Code covered by the BSD License  

Highlights from
OLS

image thumbnail
from OLS by Marco Cococcioni
This functions implements the algorithm of Orthogonal Least Squares. It can be used to rank regresso

ols(A,b,r,threshold)
function [x, ind, r_act, A_o, x_o] = ols(A,b,r,threshold)
% OLS   Orthogonal Least Quares.
% 
% [x, ind] = OLS(A,b,r) gives the solution to the least squares problem 
% using only the best r regressors chosen from the ones present in matrix A. 
% This function also returns in the vector ind the indexes of the
% best r regressors (i.e., the best columns of A to use).
%
% If r is equal to n, the solution x given by OLS is the same as the solution 
% given by A\b, but in ind we still have the regressors sorted by their 
% importance. % This means that one can perform a feature selection by taking 
% the first k entries in ind (k<r).
% 
% THEORETICAL BACKGROUND
% Let us consider the Linear Least Squares Problem:
% 
%      min   (A*x-b)'*(A*x-b)
% 
% where A is a m-by-n matrix, b an m-dimentional vector and x, the unknown, 
% an n-dimentional vector. The problem is well posed when m>n. 
% A can be viewed as a set of columns, usually called regressors, while b typically 
% is the vector of desired outputs.
% The solution to this problem can be computed in Matlab through the function 
% MLDIVIDE as follows:
%
%   x = A\b
%
% Although this function is very powerful, it does not give any information on which 
% regressor is better than others. 
% On the other hand, Orthogonal Least Squares (OLS) can extract this information.
% It is mainly based on the Gram-Schmidt orthogonalization algorithm.
% 
% In pattern recognition problems, usually a training matrix A_tr is given, 
% associated with the vector of desired outputs b_tr, plus a test set pair (A_ts, b_ts) 
% where the system has to be tested. In such cases the OLS function can be
% used as follows, with a value of r chosen by the user:
%
% [x, ind] = OLS(A_tr, b_tr, r);
%
% err_tr = (A_tr*x-b_tr)' *(A_tr*x-b_tr)/length(b_tr); % Mean Squared Error on training set.
% err_ts = (A_ts*x-b_ts)' *(A_ts*x-b_ts)/length(b_ts); % Mean Squared Error on test set.
% While a large value for r will probably give a low error on the training set, 
% it could happen that a lower value of it would give a lower error on the test set. 
% In such cases, the value of r which minimizes the error on the test set should be chosen.
% 
% ALTERNATIVE SYNTAX
%
% [x, ind, r_act] = OLS(A,b,[], threshold) is another way to call the OLS function. 
% This call requires a threshold in place of the number of regressors r. 
% The threshold, which has to be a decimal number in the interval [0,1], 
% indicates the maximum relative error allowed between the approximated output b_r 
% and the desired output b, when the number of regressors used is r. 
% The provided output r_act gives the number of regressors actually used, which
% are necessary to reduce the error untill the desired value of the threshold.
% Please not that r_act is also equal to the length of the vector ind. 
% The pseudocode for this call is the following:
%
% for r=1:n
%     x_r = OLS(A,b,r);
%     b_r = A*x_r;
%     err = 1-sum(b_r.^2)/sum(b.^2);
%     if threshold < err,
% 	      break;
%     end	
% end
% r_act = r; 
% 
% When threshold is near to 1, r tends to be 1 (a regressor tends to be sufficient).
% When threshold is near to 0, r tends to be n (all regressor tends to be needed to reach the desired accuracy).
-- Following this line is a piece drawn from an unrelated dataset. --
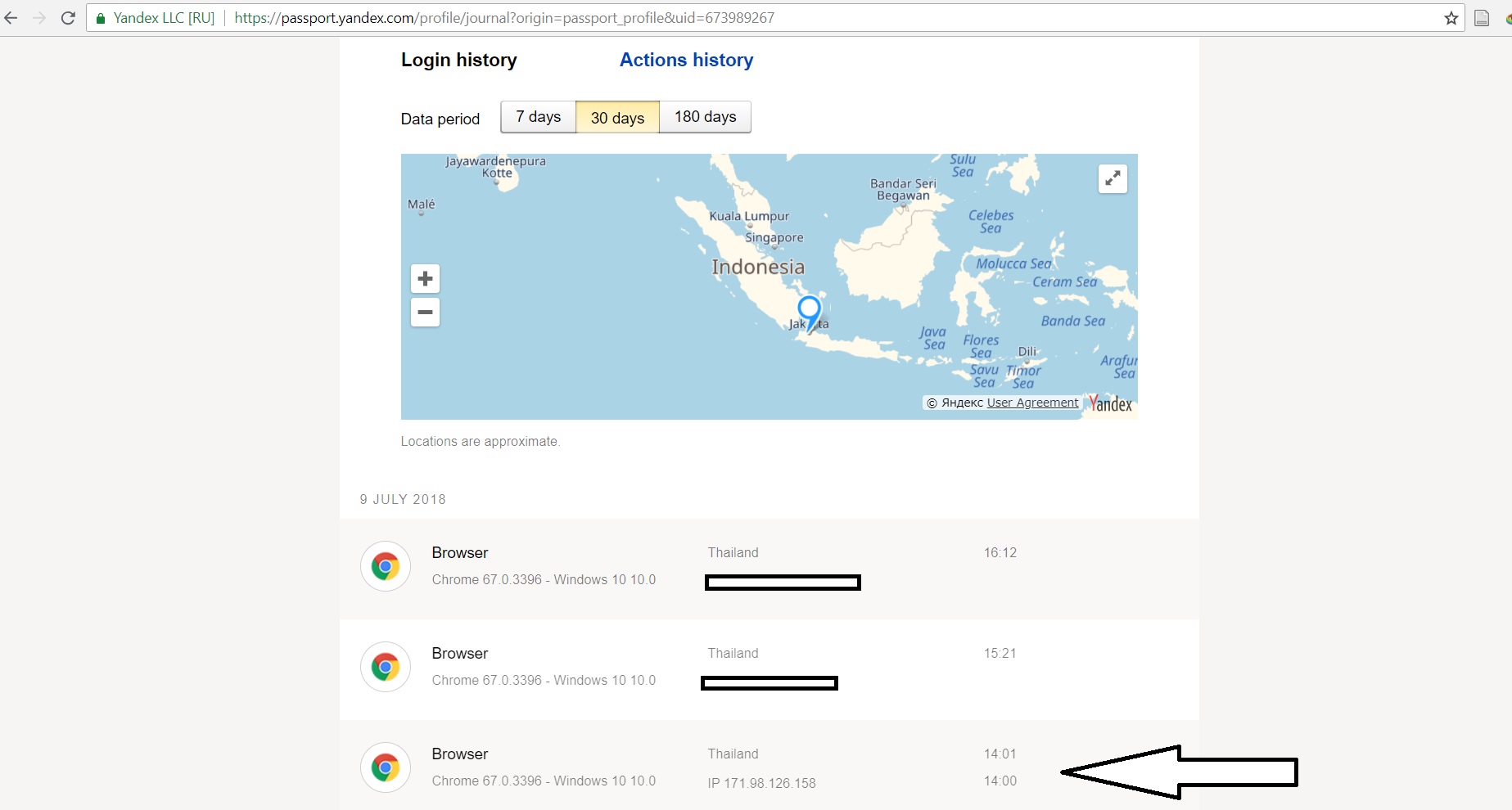 ด้วยความสงสัย ผมก็เลยอยากรู้ว่า yandex คืออะไร ปรากฎว่า ผมสามารถ log in ได้ ด้วย รหัสประจำผม !!!! และพบว่ามีการสร้าง email นี้เมื่อวาน พร้อมกันกับ ผู้สร้างอีเมลล์นี้ อยู่ ที่ Latitude -6.178100 (6°10'41.16" S) // Longitude 106.629997 (106°37'47.99" E) และค้นต่อจนรู้ว่า อยู่ที่ Tangerang ประเทศ indonesia WTF !!!!! และ เจ้าหน้าที่ก็ติดต่อมาหาผมว่า พบแล้วว่ามีการปรับเปลี่ยนอีเมลล์ อีกทั้งมีการใช้แต้มผมที่เคยสะสมมาจนหมด เมื่อวาน และชื่อผู้โดยสารก็ไม่ใช่คนไทย ผมเลยติดต่อเจ้าหน้าที่อีกครั้งนึง (น่าจะครั้งที่ 7-8 และต้องเกริ่นตั้งแต่ต้นซ้ำๆไปๆซ้ำๆมา) เจ้าหน้าที่ก็บอกรับทราบ แจ้งไปที่ศูนย์แล้ว รอดำเนินการต่อ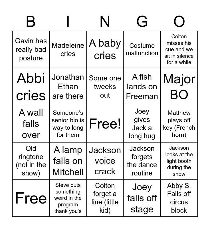 This bingo card has a free space and 27 words: Jackson forgets the dance routine, Mic pops, A fish lands on Freeman, Colton forget a line (little kid), Abbi cries, A baby cries, Madeleine cries, Old ringtone (not in the show), Joey gives Jack a long hug, Jackson looks at the light booth during the show, A wall falls over, Costume malfunction, Free, Steve puts something weird in the program thank you’s, Major BO, Missed audio cue, Jonathan Ethan are there, Some one tweeks out, A lamp falls on Mitchell, Gavin has really bad posture, Matthew plays off key (French horn), Joey falls off stage, Someone’s senior bio is way to long for them, Abby S. Falls off circus block, Jackson voice crack, Colton misses his cue and we sit in silence for a while and Jackson gets injured during the party.

The parameter threshold is an indirect way to choose the parameter r.
% 
% ALTERNATIVE SYNTAX
%
% OLS(A,b); using this syntax the OLS(A,b,r) function is called for r=1:n and the Error Reduction Ratio
% is collected and then plotted. It gives an idea on the possible values
% for threshold.
%
% ALTERNATIVE SYNTAX
%
% The function OLS computes new, orthogonal regressors in a transformed space. The new regressors
% can be extracted by using the following syntax:
%
% [x, ind, r_act, A_o] = OLS(A,b,[], threshold);
% or the following one:
%
% [x, ind, r_act, A_o] = OLS(A,b,r);
%
% The output A_o is an m-by-r_act matrix.
%
% To test the orthogonality of new generated regressors use the following instructions:
% A_o(:,u)'* A_o(:,v)
% u,v being integer values in {1,,r_act}
%
% ALTERNATIVE SYNTAX
% 
% [x, ind, r_act, A_o, x_o] = OLS(A,b,r); % This syntax can be used to extract the vector x_o,
% which is the vector of solutions in the orthogonally transformed space.
% This means that the length of vector x_o is r_act, as the number of columns of A_o.
% Numerically, A*x is equal to A_o*x_o.
% 
% FINAL REMARK
%
% The implementation of this function follows the notation given in [1].
%
% AKNOLEDGEMENTS
% 
%   A special thank to Eng. Bruno Morelli for the help provided in writing
%   this function.
%
% REFERENCES
%
% [1] L. Wang, R. Langari, "Building Sugeno-yype models using fuzzy
%     discretization and Orthogonal Parameter Estimation Techniques,"
%     IEEE Trans. Fuzzy Systems, vol. 3, no. 4, pp. 454-458, 1995
% [2] S.A. Billings, M. Koremberg, S. Chen, "Identification of non-linear 
%     output-affine systems using an orthogonal least-squares algorithm,"
%     Int. J. Syst. Sci., vol. 19, pp. 1559-1568, 1988
% [3] M. Koremberg, S.A. Billings, Y.P. Liu, P.J. McIlroy, "Orthogonal
%     parameter estimation algorithm for nonlinear stochastic systems,"
%     Int. J. of Control, vol. 48, pp. 193-210, 1988
%
%   See also MLDIVIDE, LSQLIN, PINV, SVD, QR.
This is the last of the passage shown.